Your AI coding agents are blind without past incident history

You would not let a new engineer ship production code without reviewing past failures, architectural docs, system metrics, or deployment mechanisms.

So why are your AI agents coding in the dark?

AI is already doing a third of the work in many engineering teams. Coding, testing, generating documentation, even proposing changes to infra and pipelines. The tools are getting better. The prompts are getting tighter. But the context is still missing.

Your GPT agents, your Claude workflows, your copilots and bots are all guessing at how your system really works.

Because they do not know what your system has already been through.

That is about to change.

Introducing the COEhub's MCP Server

COEhub is building a Machine Curated incident knowledgebase that captures the full context of incidents, systems and delivers and MCP server for integration with your AI chat tools and AI agents. This gives your AI agents the same access to incident intelligence that your humans already have.

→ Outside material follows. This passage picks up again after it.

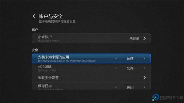 第二步:进入小米电视【设置】-【账户安全】-【安装未知来源应用】-设置为【允许】

This is not just a readout of tickets or a summary of alerts. It is a living graph of past failure, contributing factors, root causes and system behavior. And it is available to both humans and machines.

Build Smarter Systems with Smarter Agents

Imagine an AI agent writing infrastructure code.

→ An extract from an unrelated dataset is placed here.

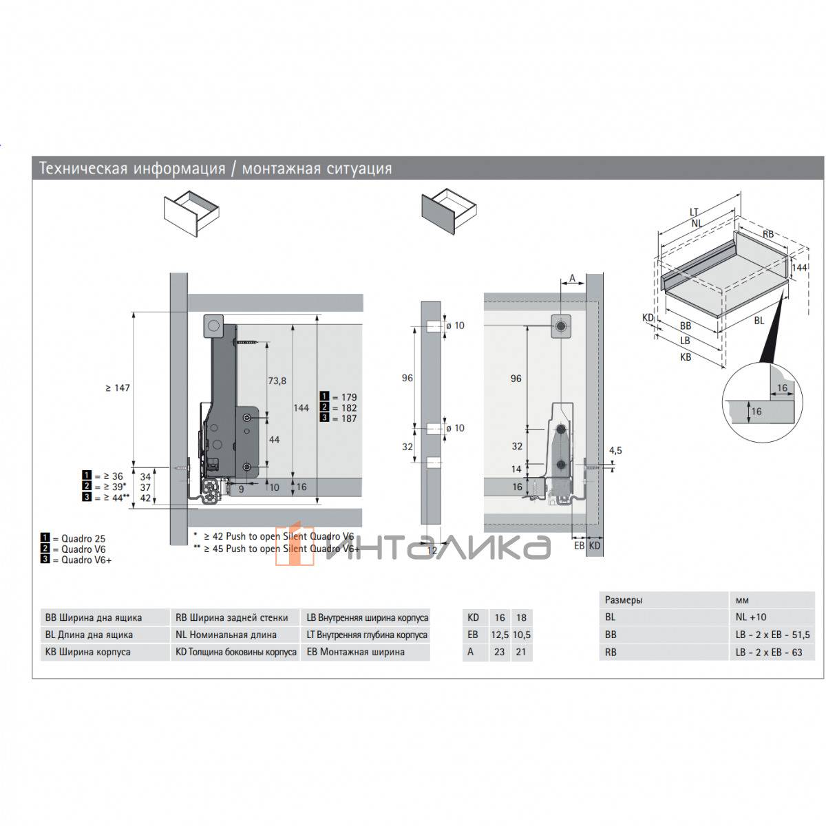 Минимальная глубина корпуса для установки ящика составляет +15 мм к номинальной длине ящика

Now imagine it knows that the last five times a certain config was changed, production fell over.

It knows the lead time to detect that class of failure.

It knows that a mitigation path exists but has never been automated.

Now the agent does not just write code. It writes safer code. More aligned code. Code that reflects the reality of how your system behaves under stress.

That is what happens when you plug AI into your org's operational memory.

AI That Learns From Failure Is a Feature, Not a Risk

Everyone is talking about hallucinations. About agents making dangerous changes. About AI suggesting patterns that do not work in real-world systems.

What if the solution is not more control?

What if the solution is better context?

An AI that learns from your incident history becomes better at assisting, better at debugging and better at shipping. It does not just autocomplete code. It completes your team's understanding of the system.

This is not some sci-fi agent. This is happening now. And if your AI tools are not hooked into a source of real failure data, they are not learning. They are just guessing faster.

Humans Learn from COEhub. Now AI Agents Will Too.

COEhub already powers human learning. It ingests incidents, structures postmortems, builds timelines, detects patterns and surfaces blind spots. It helps teams get better with every failure.

The MCP endpoint turns that same system into an API that your tools can use.

It is like giving your agents access to a live SRE brain trained on everything your systems have ever done wrong.

All of them can ask COE what happened last time. And make smarter decisions in real time.

The Next Generation of Dev Tooling Has a Memory

The next big leap in AI for engineering is not just better models. It is better memory.

The companies that win are the ones whose agents know more than just public code and textbook patterns. They know their own systems. Their own history. Their own pain.

The MCP endpoint is how you give your AI that edge.

Plug in. Let your AI learn from your past. Build systems that do not just move fast but get better with every incident.

COEhub is how you turn your failures into fuel. For people. And now for agents too.